This gem is from a 1977 copy of TIME magazine: "I could not hold back my armed forces!" shouted President Anwar Sadat on Egyptian TV, furiously pounding a desk for emphasis. "Yesterday and today, they gave him a lesson he will never forget."

The "he" in question was Colonel Muammar Gaddafi, and the lesson Sadat was talking about involved Egypt’s awesome army and air force pummeling Libya’s "small" 30,000-man army. Cairo sent tanks and mechanised infantry from two divisions of the First Egyptian Army and beat the daylights out of Tripoli’s two brigades as its commando and paratrooper battalions dropped behind enemy lines and the air force bombed Libyan cities and military bases to cinder.

Playing with fire

So why were they fighting?

"That very strange person (Gaddafi, of course) ordered his forces to make border raids near Sallum (most likely some dry piece of rock no different from Migingo) and took 14 prisoners. He felt proud of himself but he was playing with fire!"

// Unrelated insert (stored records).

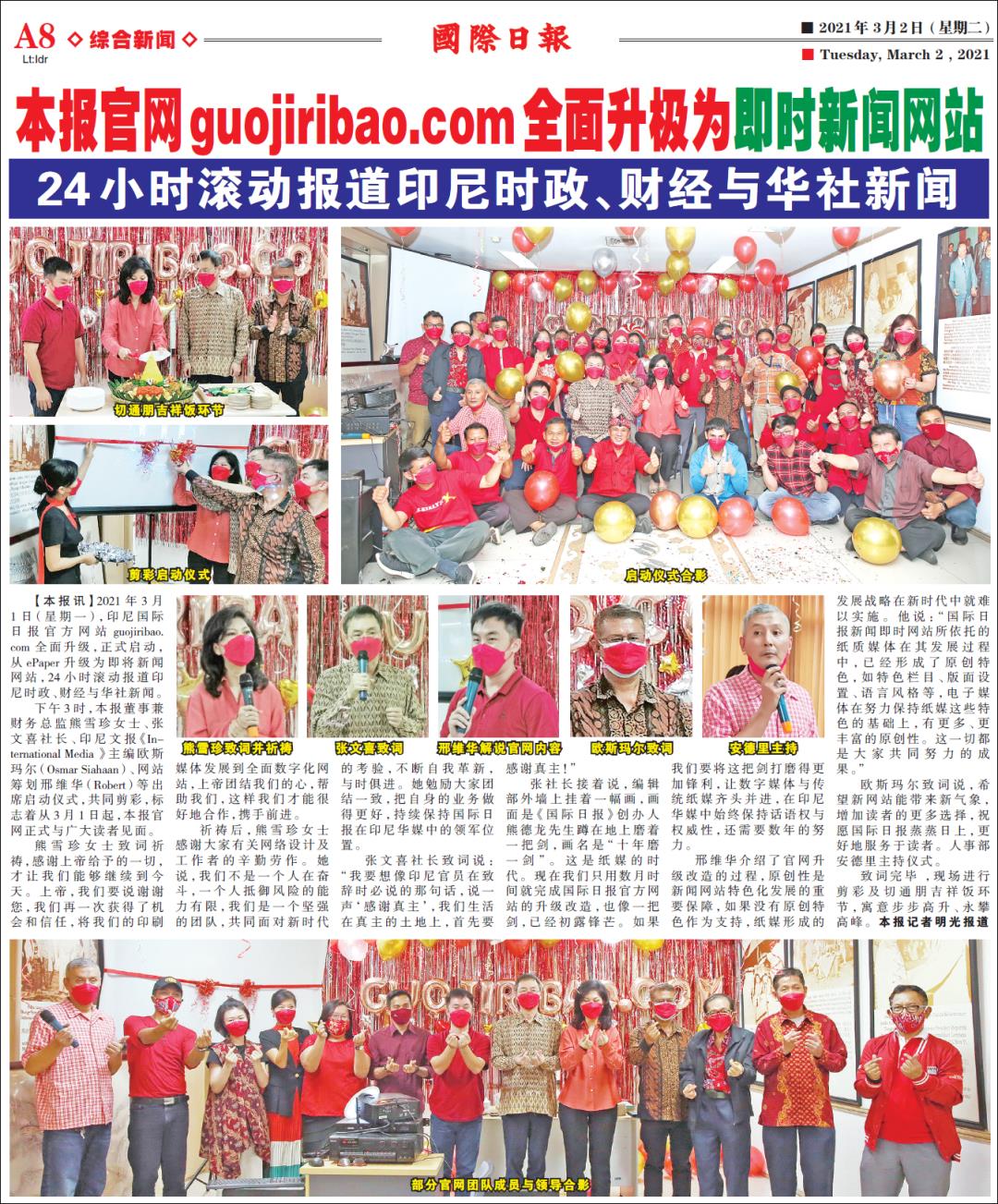 【本报讯】3月1日,印尼国际日报官方网站guojiribao.com全面升级,正式启动,从报纸ePaper升级为即时新闻网站,24小时滚动报道印尼时政、财经与华社新闻。
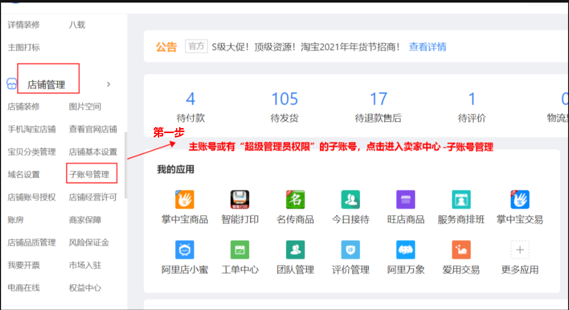 亲,子账号管理后台在逐步升级,后续会逐步切换到新后台使用,切换后,进入卖家中心-子账号管理会显示新后台页面,不支持返回旧版,请商家熟悉并使用新后台,若还未切换的新后台的商家,建议先关注,使用老后台即可。
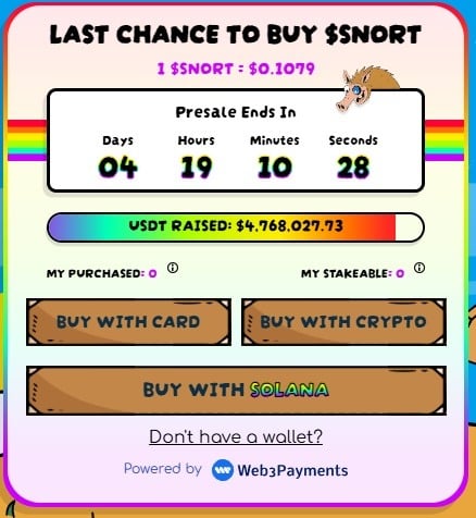 В настоящее время продолжается предпродажа (предпродажа) Токен $SNORT вступает в завершающую фазу. По данным проекта, почти 5 миллионов долларова цена токена автоматически увеличивается каждый день, пока этап не закончится.
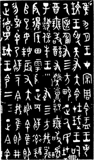 金文是指铸刻在青铜器上的文字,先秦称铜为“金”,所以叫金文。青铜器以钟和鼎最为常见,所以又叫钟鼎文。从商周到秦汉都有金文,这里主要指西周青铜器上的文字。下面是西周铜器上的金文拓片(图3-3)。
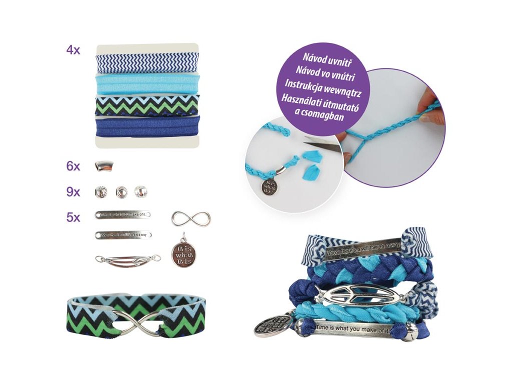 Kreatívny set - náramky 5 ks BALENIE OBSAHUJE: - 4 x elastická šnúrka - 6 x rúrkový korál - 9 x korál - 5 x prívesok - 1 x návod na použitie VAROVANIE: Nevhodné pre deti do 3 rokov. Obsahuje malé časti, hrozí nebezpečenstvo udusenia. Uvedená cena je za 1 balenie.Dodatočné parametre
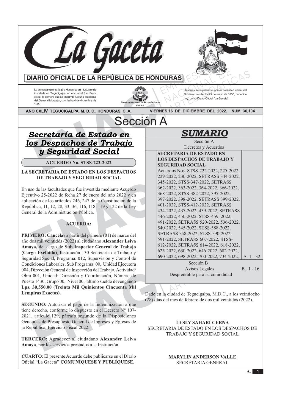 La Gaceta N° 36,104 del 16 de diciembre de 2022

But according to Tripoli, Sadat was talking hogwash. It was Egyptians who had been raiding across the border, they insisted. But it gets better. Gaddafi’s forces boasted that they had downed eight Egyptian warplanes, a boast that Cairo dismissed as "imaginary".

You still want to know why the two boys fought? Well, Gaddafi was annoyed that Egypt was becoming a friend of its enemy, Chad. Sadat, on the other hand, was incensed by Libyan propaganda that mocked him and his wife as "Antony and Cleopatra", living in presidential splendor while poor Egyptians starved.

Now you know what happens when you pick overgrown boys and make them commander-in-chief of national armies.